**DIRECTIONS**
Below is a listing. Return the lines from the one that contains "1875 5C PR65" to the one that contains "ساعت اورجینال نیوی", both ends included, verbatim and with no pictures.

**RECORDS PROVIDED**
((
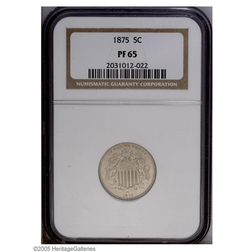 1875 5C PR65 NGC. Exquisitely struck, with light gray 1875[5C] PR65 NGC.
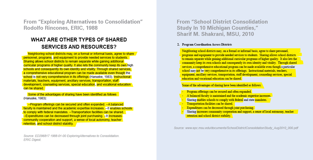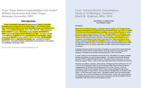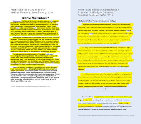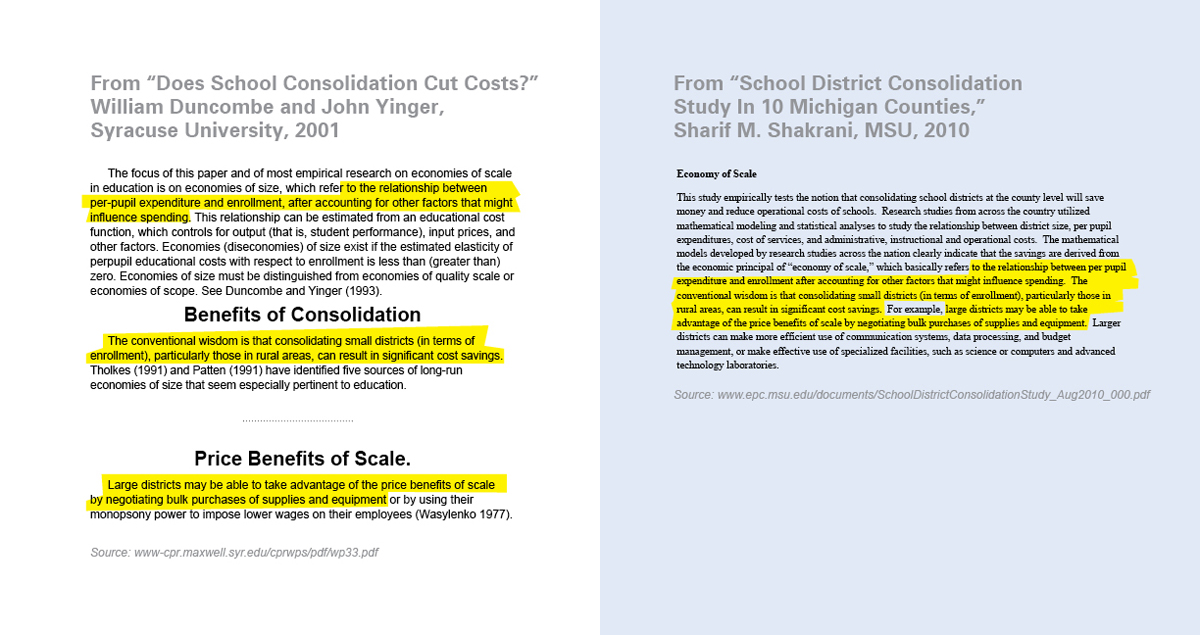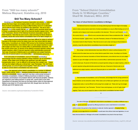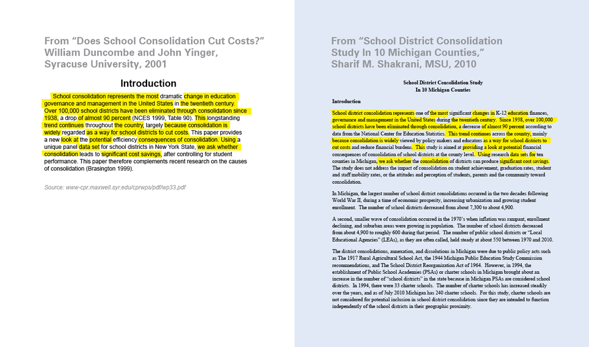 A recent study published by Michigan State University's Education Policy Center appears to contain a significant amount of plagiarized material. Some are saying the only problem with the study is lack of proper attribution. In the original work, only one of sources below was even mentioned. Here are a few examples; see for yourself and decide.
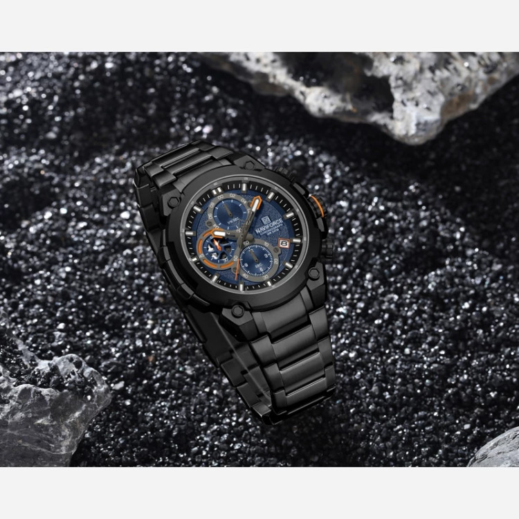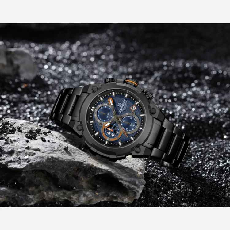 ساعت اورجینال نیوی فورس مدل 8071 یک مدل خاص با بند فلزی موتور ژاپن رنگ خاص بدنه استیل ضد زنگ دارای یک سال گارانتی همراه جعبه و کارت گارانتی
))
((
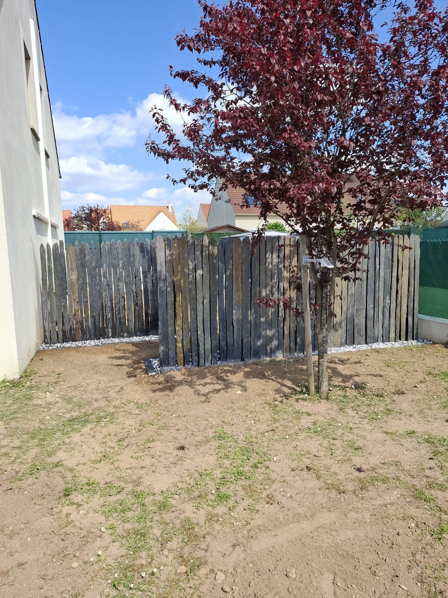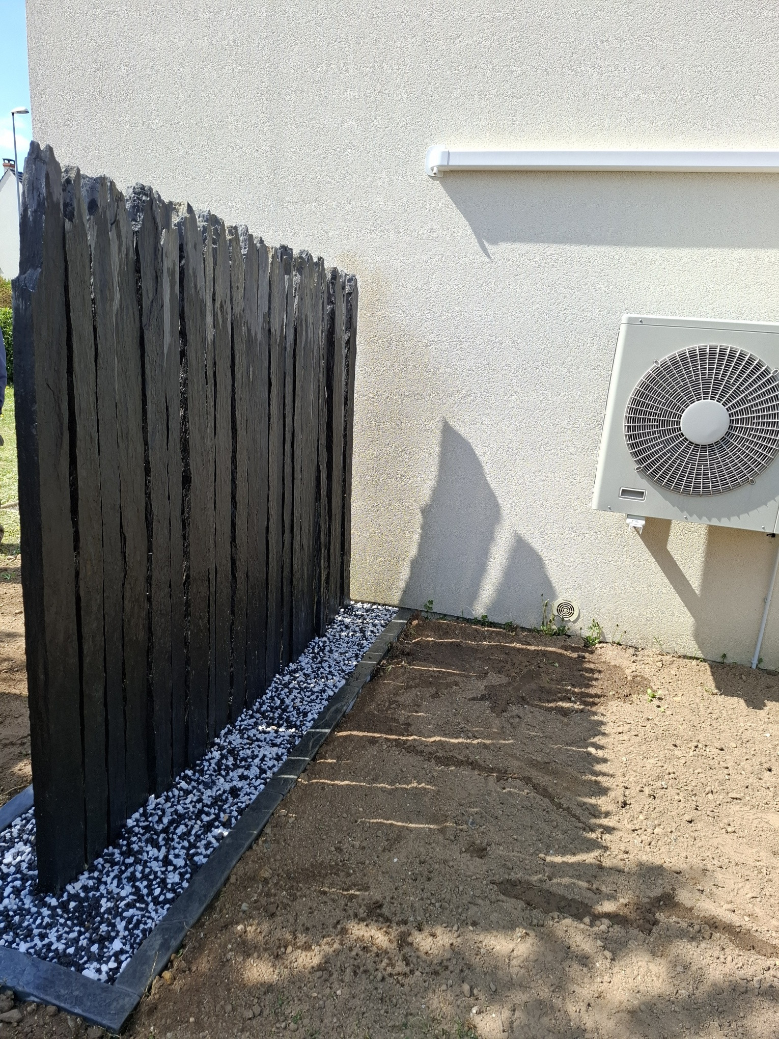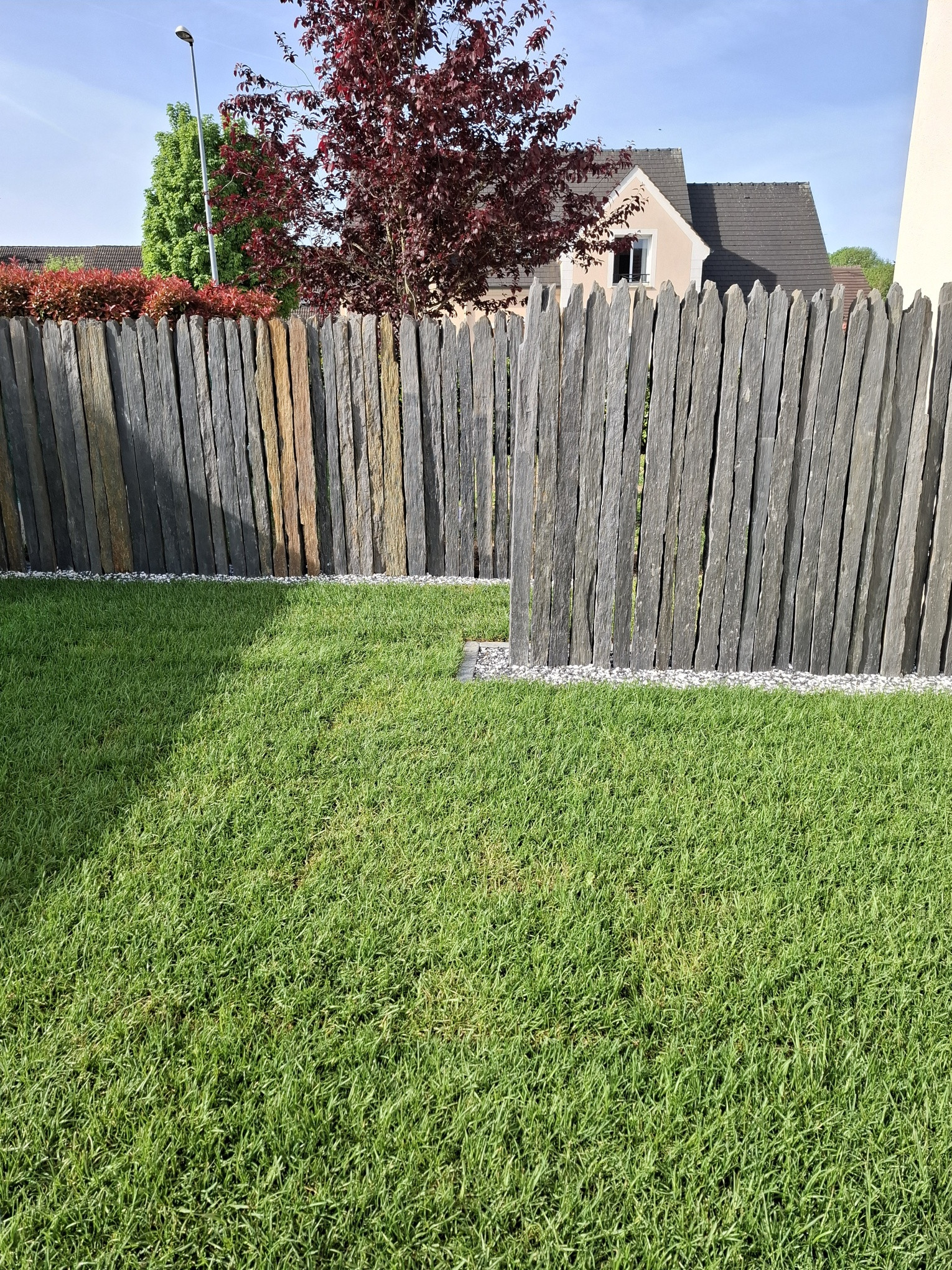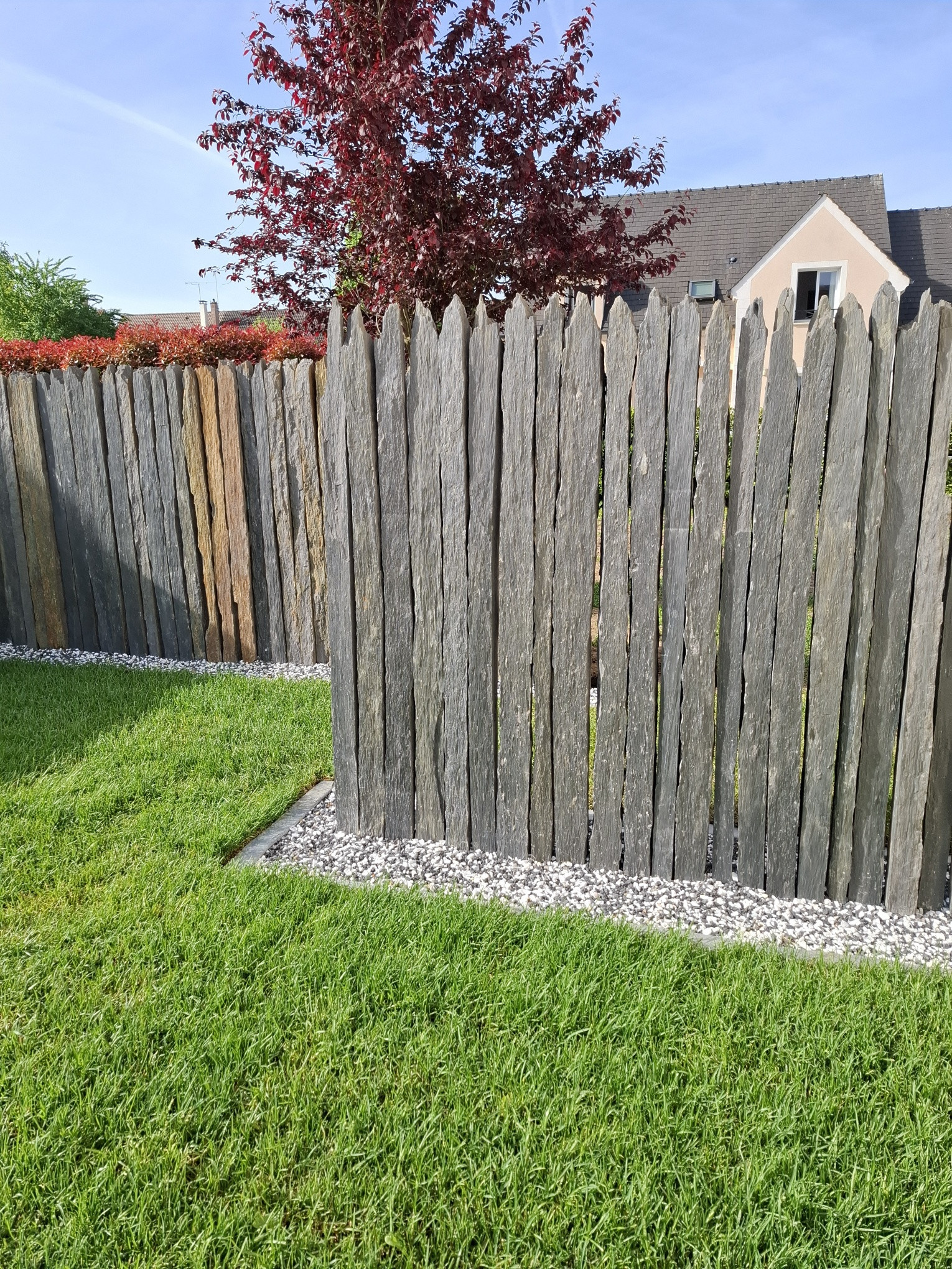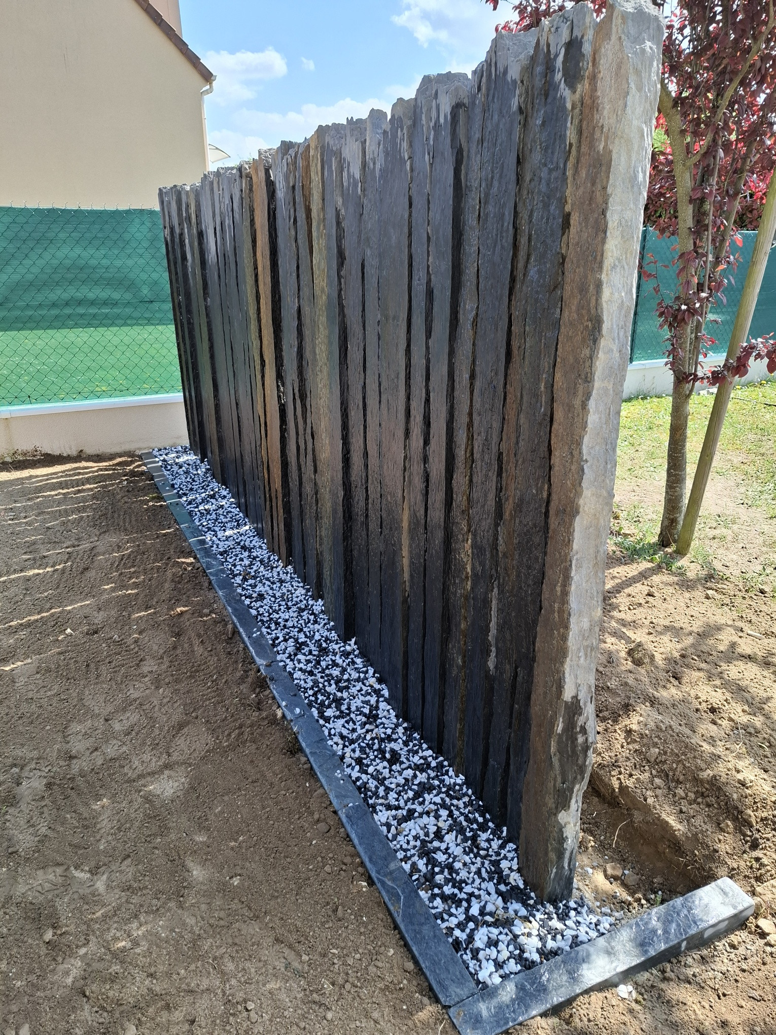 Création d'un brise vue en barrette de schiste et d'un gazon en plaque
))
((
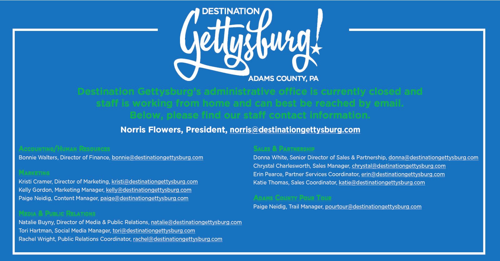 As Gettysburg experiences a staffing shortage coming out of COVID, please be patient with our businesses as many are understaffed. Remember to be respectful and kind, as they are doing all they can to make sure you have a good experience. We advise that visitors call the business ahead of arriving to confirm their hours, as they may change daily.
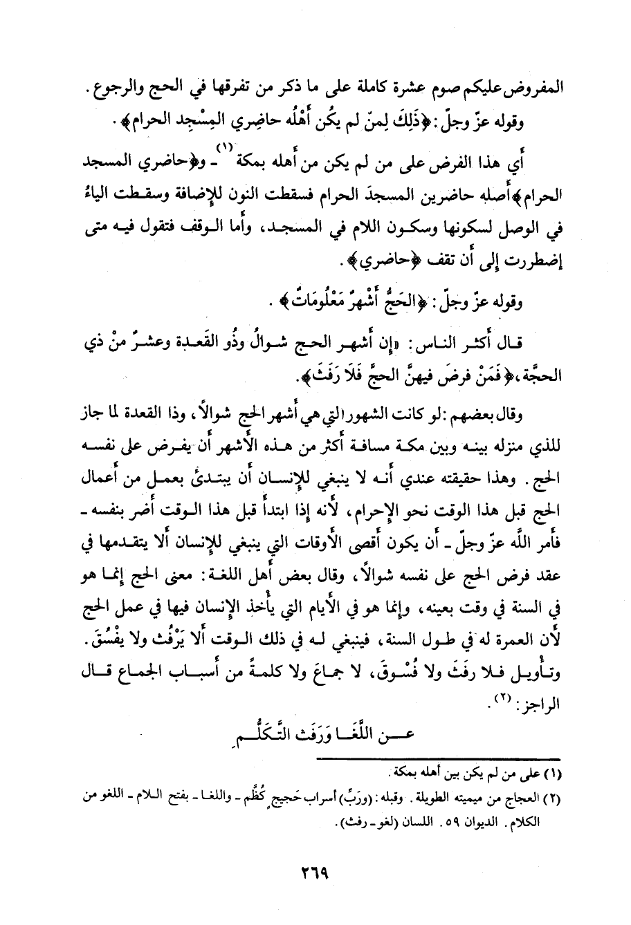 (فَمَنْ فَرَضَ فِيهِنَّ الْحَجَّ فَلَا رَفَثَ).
))
**SOLUTION TO THIS TASK**
 1875 5C PR65 NGC. Exquisitely struck, with light gray 1875[5C] PR65 NGC.
 A recent study published by Michigan State University's Education Policy Center appears to contain a significant amount of plagiarized material. Some are saying the only problem with the study is lack of proper attribution. In the original work, only one of sources below was even mentioned. Here are a few examples; see for yourself and decide.
 ساعت اورجینال نیوی فورس مدل 8071 یک مدل خاص با بند فلزی موتور ژاپن رنگ خاص بدنه استیل ضد زنگ دارای یک سال گارانتی همراه جعبه و کارت گارانتی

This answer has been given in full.